In DNA methylation, a hydrogen atom of the cytosine base of the DNA is replaced by a methyl group. This change typically induces a locally more compact chromatin structure, repressing gene activities in the vicinity. On the other hand, copy number variation (CNV) correspond to deletion or duplication of large regions of the genome relative to normal subjects. Abnormal DNA methylation pattern and CNV in cancer have been reported in many studies. In a collaborative project with Prof. Art Petronis from The Krembil Family Epigenetics Laboratory, we use tiling arrays to interrogate both aforementioned abnormal phenomena in sera from large cohorts of colorectal cancer patients to establish some prominent (epi-)genetic signatures. In the future, we will be using (bisulfite) NGS to confirm and extend our current findings.


Kinome analysis

We proposed and implemented a computational pipeline to analyze peptide array kinome data (Li et al., 2012). The work as my B.Sc. Honours thesis was under supervision of Dr. Anthony Kusalik and in collaboration with immunologists (co-authors) from the Vaccine and Infectious Disease Organization (VIDO) at the U of S. To our knowledge, the proposed pipeline is the first integrative approach that addresses kinome-specific computational challenges in microarray analyses. In particular, our statistical testing for differentially phosphorylated kinase peptides takes into account the technical and biological variation inherent to the technology and dynamic kinase activities between biological replicates, respectively. Comparing to existing methods, our approach is more sensitive in detecting kinases involved in well-defined signaling pathways activated by the select stimuli. The central roles of kinases in immune defence make them promising therapeutic targets. Rigorous detection of subtle changes in treatment-specific kinase activities via a powerful platform such as kinome microarray may facilitate pharmaceutical design against diseases.

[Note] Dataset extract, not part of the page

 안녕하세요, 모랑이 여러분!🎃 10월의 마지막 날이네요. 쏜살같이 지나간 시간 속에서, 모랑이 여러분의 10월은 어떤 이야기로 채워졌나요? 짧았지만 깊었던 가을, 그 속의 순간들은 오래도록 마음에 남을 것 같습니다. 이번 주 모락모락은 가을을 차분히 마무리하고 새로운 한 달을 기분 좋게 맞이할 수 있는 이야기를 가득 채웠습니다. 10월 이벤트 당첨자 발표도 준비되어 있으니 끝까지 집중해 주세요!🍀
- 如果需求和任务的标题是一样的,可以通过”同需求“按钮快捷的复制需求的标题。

  1. Arsenault, R. J., Li, Y., Maattanen, P., Scruten, E., Doig, K., Potter, A., Griebel, P., Kusalik, A., and Napper, S. (2013) Altered Toll-like receptor 9 signaling in Mycobacterium avium subsp. paratuberculosis infected bovine monocytes reveals potential therapeutic targets. Infection and immunity, 81(1), 226-237.

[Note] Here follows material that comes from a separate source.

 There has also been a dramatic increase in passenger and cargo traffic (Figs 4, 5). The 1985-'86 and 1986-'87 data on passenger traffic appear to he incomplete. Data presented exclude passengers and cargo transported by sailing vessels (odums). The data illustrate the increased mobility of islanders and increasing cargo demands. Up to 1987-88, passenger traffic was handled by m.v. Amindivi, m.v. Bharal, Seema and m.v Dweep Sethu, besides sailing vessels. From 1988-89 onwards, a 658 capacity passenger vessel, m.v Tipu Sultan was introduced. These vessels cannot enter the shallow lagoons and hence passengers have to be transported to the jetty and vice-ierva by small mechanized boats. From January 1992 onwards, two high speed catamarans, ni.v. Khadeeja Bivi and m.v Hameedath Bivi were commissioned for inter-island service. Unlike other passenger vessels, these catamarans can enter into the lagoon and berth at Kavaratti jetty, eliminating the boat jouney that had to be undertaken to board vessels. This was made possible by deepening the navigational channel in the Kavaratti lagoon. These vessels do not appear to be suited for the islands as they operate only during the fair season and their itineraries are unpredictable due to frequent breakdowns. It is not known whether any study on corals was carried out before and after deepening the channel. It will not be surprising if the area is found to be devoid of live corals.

  2. Arsenault, R. J., Li, Y., Potter, A., Griebel, P. J., Kusalik, A., and Napper, S. (2012). Induction of ligand-specific PrPC signaling in human neuronal cells. Prion, 6(5), 477-488.

  3. Arsenault, R. J., Li, Y., Bell, K., Doig, K., Potter, A., Griebel, P. J., Kusalik, A., and Napper, S. (2012). Mycobacterium avium subsp. paratuberculosis Inhibits Interferon Gamma-Induced Signaling in Bovine Monocytes. Insights into the Cellular Mechanisms of Johne’s Disease. Infection and immunity, 80, 3039–3048.

  4. Li, Y., Arsenault, R. J., Trost, B., Slind, J., Griebel, P. J., Napper, S., and Kusalik, A. (2012). A Systematic Approach for Analysis of Peptide Array Kinome Data. Science Signaling, 5(220), pl2–pl2.